For a common citizen, with little financial education, the terms credit and loan can lead to equivocation, as many face these words with the idea that they are different concepts. However, as we will see in more detail below, both refer to the same instrument, although with nuances. Due to this recurring doubt, we believe it is important to analyze the difference between credit and loan… if it exists.
Bank credit vs bank loan
When we talk about a credit or credit contract we mean a financial operation through which a person or a financial institution (the creditor) makes available to the person requesting it, at that time debtor or customer, of an amount of money with a predetermined limit.
Generally, if we refer to a credit, the financial institution does not give all the money at once to the client. This, on the other hand, can use the money requested from the institution according to your needs through a bank account or your credit card.
At the request of the client or debtor, in this case, the bank will disburse partial amounts to the person who contracts the debt, according to how it is requested. That is, if a customer has granted a credit of 3,000 USD and requests 500 to make a payment, the entity will only pay the 500 USD requested.
The client that obtains the credit will only pay interest for the money that he has arranged according to what the institution that dispenses said resources proves. The debtor, in turn, agrees to return the money plus a small commission on the undrawn balance.
The advantage is that to the extent that you return the money you can continue to have more, without exceeding, yes, the limit that was set at the time of transacting the operation.
What is a credit: definition
The credits are also granted for a specific term, and quite the opposite of what happens with a loan, when the transaction has ended without problems between the institution and the client or debtor, it can be renewed or extended.

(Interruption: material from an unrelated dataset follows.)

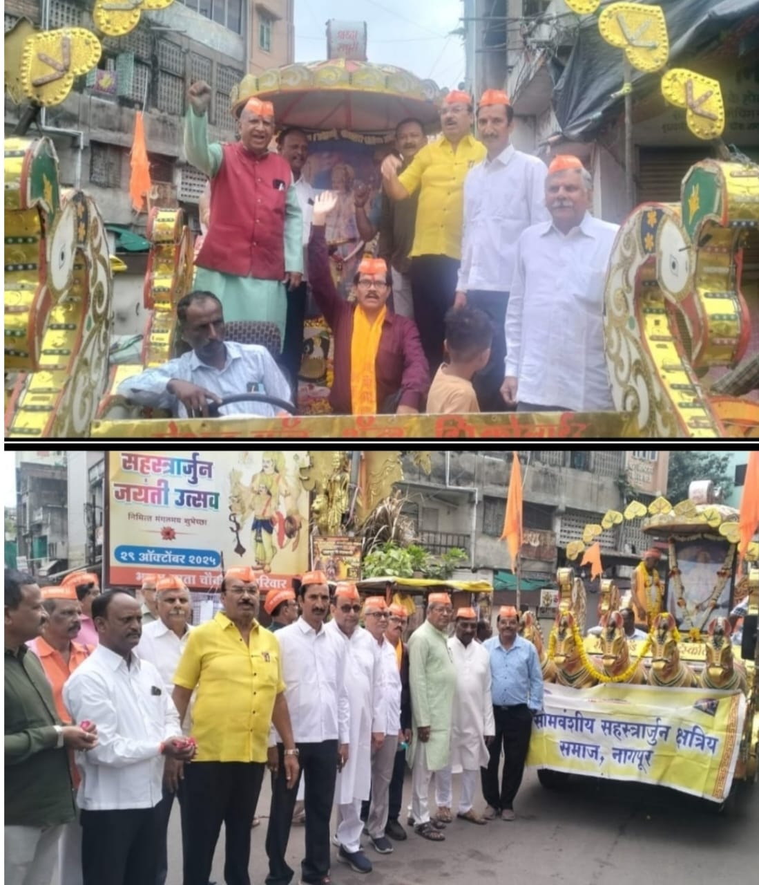 कार्तिक शुक्ल पक्ष सप्तमीला भगवान सहस्त्रार्जुन जन्मोत्सव संपुर्ण देशभरात मोठ्या उत्साहाने साजरा करण्यात आला. त्याच अनूषंगाने दिनांक २९ आक्टोंबर २०२५ कार्तिक शुक्ल पक्ष सप्तमीला भगवान सहस्त्रार्जुन जन्मोत्सवानिमित्त नागपूर येथे भव्य शोभायात्रा काढण्यात आली.हि शोभायात्रा गोलीबार चौक येथुन प्रारंभ होऊन गांजाखेत चौक,गांधीबाग गार्डन, तीननल चौक,भारत माता चौक,नंगापुतळा चौक या परीसरातुन वाजतगाजत नेण्यात आली यावेळी समाजाच्या अनेक भक्तांनी झांकीवर फुलांचा वर्षाव करून भगवान सहस्त्रार्जुन यांना नमन केले व सर्वत्र उत्साहाचे वातावरण निर्माण झाले आणि या शोभायात्रेचे समापन गोलीबार चौक येथे करण्यात आले. अखिल भारतीय सर्ववर्गीय कलार समाज नागपुर,सोमवंशीय सहस्रार्जुन क्षत्रिय समाज नागपुर, महाराष्ट्र कलाल-कलार समाज संघटना नागपूर एवं सहस्रबाहु संदेश परिवार नागपुर इत्यादी अनेक संघटनेचे समाज बांधव या शोभायात्रेत मोठ्या संख्येने उपस्थित होते.सर्ववर्गिय कलार समाज के अध्यक्ष भूषण दडवे, सोमवंशीय समाज के संरक्षक डाॅ सुभाष राऊत, महाराष्ट्र कलाल-कलार समाजाचे राज्य प्रवक्ता (पत्रकार) रमेश लांजेवार इत्यादीसह समाजाचे अनेक मान्यवर प्रामुख्याने उपस्थित होते.या शोभायात्रे दरम्यान डाॅ सुभाष राऊत यांनी संयुक्त आयोजन व एकतेवर जोर दिला,भूषण दडवेनी नागपुर शहरातील एखाद्या चौकाला भगवान सहस्रबाहु नाव देण्यावर भर दिला तर रमेश लांजेवार यांनी संपूर्ण शाखेतील समाजबांधवांना एकत्र करण्यावर भर दिला. शोभायात्रेमध्ये प्रामुख्याने किशोर पालांदुरकर,रमेश जायसवाल, दीपक वालोदे, दुर्गाप्रसाद चौरागडे, महेन्द्र डोहरे, अरविंद राय,उमेश चौकसे,अनिल मानापुरे,राजेन्द्र राय,देवेन्द्र राय,दिनेश परिहार,अभय राऊत,मिलींद मानापुरे,किशोर दहीकर,शेखर डोरलीकर राकेश जायसवाल,विजय दहीकर, मदनसा रतन, राकेश चव्हाण, पंकज दहिकर,प्रणाली चव्हाटे, सौ अनिता नाकोड,श्रध्दा परिहार, वैशाली मामर्डे, सौ कुमुदिनी बारड,श्रीमती इंदिरा पवार, गजानन पटले,धर्मराज नाकोड, दिलीप राऊत, बलवंत चव्हाटे आदीसह शेकडोंच्या संख्येने अनेक समाजबांधव व भगिनी मोठ्या संख्येने उपस्थित होते.

That is a substantive difference with the loan, which implies the end of the relationship between both parties when the debt has been paid. Another difference with credit is that interest is not so high.
As we say, the interest on loans is usually higher than on a loan, but, as it should be emphasized, it is only paid for the amount used. This is a big difference between credit and loan.
What is a loan: definition
A loan is also a financial operation. In it the bank acts as a lender and delivers a fixed amount of money to another institution or person, who becomes the borrower.
The transaction is conditional on the beneficiary of said resources returning correctly and in the stipulated time, the amount of money that was granted as a loan, plus interest generated within a certain term generally set by the lender.
This amortization or payment is made in a fractional manner, by means of predetermined installments and regularly. The conditions of the aforementioned operation are very specific and strict compliance is required.
The end: another difference between credit and loan
The purposes for which loans or credits are requested also differentiate these financial operations.
Experts explain that when you want to finance the purchase of a specific asset such as a vehicle, a trip, studies, or the modification or repair of the home, for example, you tend to grant a loan.
The credits, on the other hand, are used to cover periods in which there is a lack of liquidity in a company or there is a temporary withdrawal of resources due to delays between collections and payments.
So always remember that applying for a loan is not the same as a loan. The latter are even more recommended for the needs of a company than for the requirements of a particular person. Companies also have financing alternatives, such as crowdfunding, crowdlending or the discount of promissory notes, tools that we have already analyzed in depth in previous articles.